# Recommender Systems 2020/21

### Practice - Implicit Alternating Least Squares

See:
Y. Hu, Y. Koren and C. Volinsky, Collaborative filtering for implicit feedback datasets, ICDM 2008.
http://citeseerx.ist.psu.edu/viewdoc/download?doi=10.1.1.167.5120&rep=rep1&type=pdf

R. Pan et al., One-class collaborative filtering, ICDM 2008.
http://citeseerx.ist.psu.edu/viewdoc/download?doi=10.1.1.306.4684&rep=rep1&type=pdf

Factorization model for binary feedback.
First, splits the feedback matrix R as the element-wise a Preference matrix P and a Confidence matrix C.
Then computes the decomposition of them into the dot product of two matrices X and Y of latent factors.
X represent the user latent factors, Y the item latent factors.

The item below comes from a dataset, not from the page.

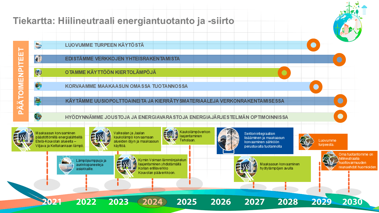 Keinoja hiilineutraalin energiajärjestelmän luomiseksi ovat mm. turpeen käytöstä luopuminen, maakaasun korvaaminen biokaasulla tai vaihtoehtoisilla tuotantomuodoilla, erilaisten hukkalämmönlähteiden hyödyntäminen kaukolämmön tuotannossa sekä energiajärjestelmän optimointi joustojen ja energiavarastojen avulla. Hukkalämmön talteenotto vähentää lämmöntuotannon tarvetta fossiilisilla polttoaineilla. Samalla se vähentää kannattavasti myös hiilidioksidipäästöjä.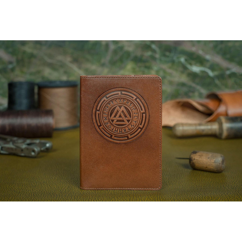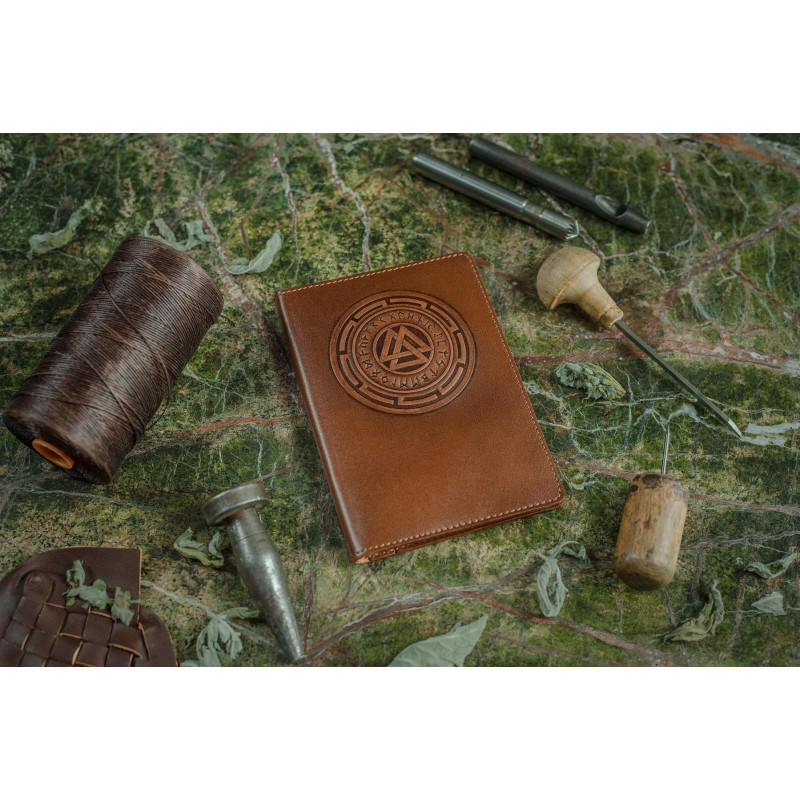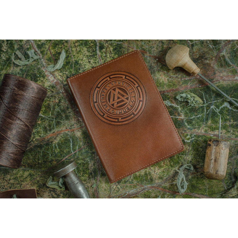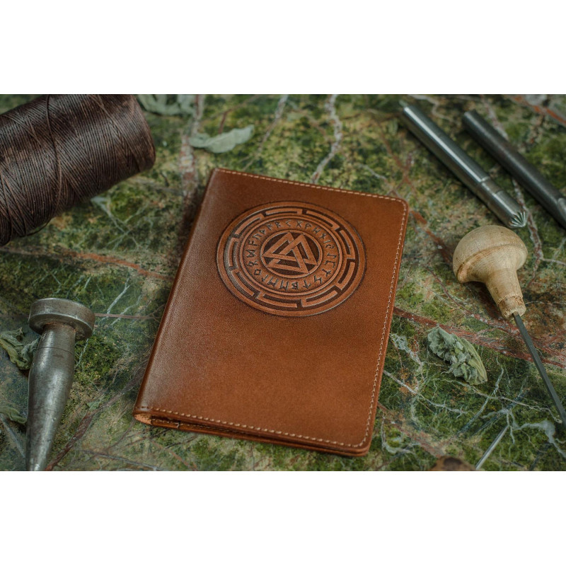 Обложка для документов ручной работы изготовлена из натуральной кожи высочайшего качества. Обложка имеет специальный карман для паспорта, 2 дополнительных кармана для денег / купюр / посадочного талона / билетов и 2 кармана для кредитных карт или визиток. Декор выполнен по технологии конгревного тиснения с нанесением позолоты, тонировки и лакового покрытия.

The model is learned by solving the following regularized Least-squares objective function with Stochastic Gradient Descent
    
$$\frac{1}{2}\sum_{i,j}{c_{ij}\left(p_{ij}-x_i^T y_j\right) + \lambda\left(\sum_{i}{||x_i||^2} + \sum_{j}{||y_j||^2}\right)}$$


In [1]:
import time
import numpy as np

In [2]:
from Notebooks_utils.data_splitter import train_test_holdout
from Data_manager.Movielens.Movielens10MReader import Movielens10MReader

data_reader = Movielens10MReader()
data_loaded = data_reader.load_data()

URM_all = data_loaded.get_URM_all()

URM_train, URM_test = train_test_holdout(URM_all, train_perc = 0.8)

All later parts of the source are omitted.